The remainder of this chapter uses examples to demonstrate some of the important monitoring techniques you need to know and perform.
As mentioned earlier, server statistics paint only a part of the capacity picture. You should also measure and record higher-level metrics specific to your application—not specific to one server, but to the whole system. CPU and server disk usage on a web server doesn't tell the whole tale of what's happening to each web request, and a stream of web requests can involve multiple pieces of hardware.
At Flickr, we have a dashboard that collects these application-level metrics. They are collected on both a daily and cumulative basis. Some of the metrics can be drawn from a database, such as the number of photos uploaded. Others can come from aggregating some of the server statistics, such as total disk space consumed across disparate machines.

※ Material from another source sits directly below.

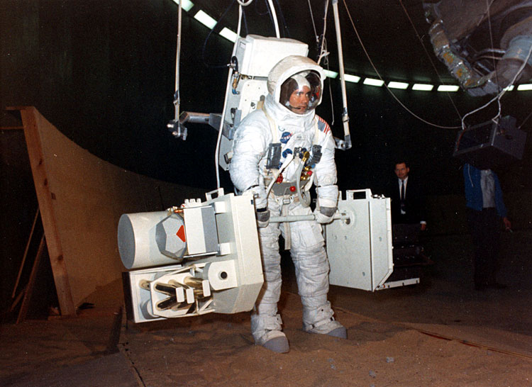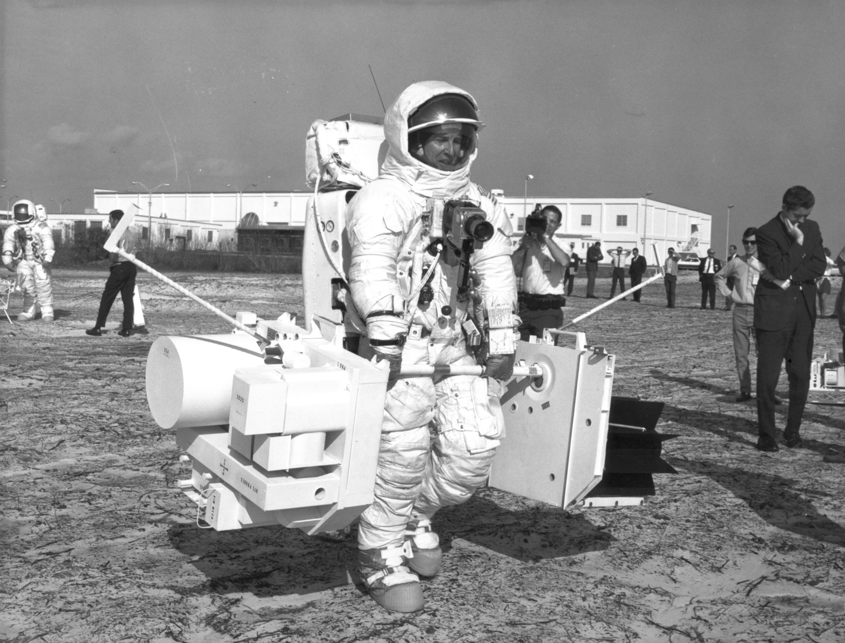 NASA caption, 28 January 1970: "Fred W. Haise Jr., Apollo 13 Lunar Module Pilot, participated in a walk-through of the extravehicular activity timeline near the flight crew training building here today. In the foreground is the lunar surface tool carrier, topped by auger-like pipes, to be used with a motorized device to obtain soil sample cores in the Moon’s rugged Fra Mauro region. Apollo 13 is scheduled for launch from Complex 39’s Pad A no earlier than April 13. The other crew members are James A. Lovell, Jr., commander, and Thomas K. Mattingly II, Command Module pilot." Note that Haise has a 16-mm DAC movie camera mounted on his RCU bracket. The featureless box mounted on the camera of Haise's right is a battery for the DAC. Scan courtesy Margaret Persinger, KSC.KSC-70P-46 ( 132k )

Data collection techniques can be as simple as running a script from a cron job and putting results into its own database for future mining.
Some of the metrics currently tracked at Flickr are:
Photos uploaded (daily, cumulative)
Photos uploaded per hour
Average photo size (daily, cumulative)
Processing time to segregate photos based on their different sizes (hourly)
User registrations (daily, cumulative)
Pro account signups (daily, cumulative)
Number of photos tagged (daily, cumulative)
API traffic (API keys in use, requests made per second, per key)
Number of unique ...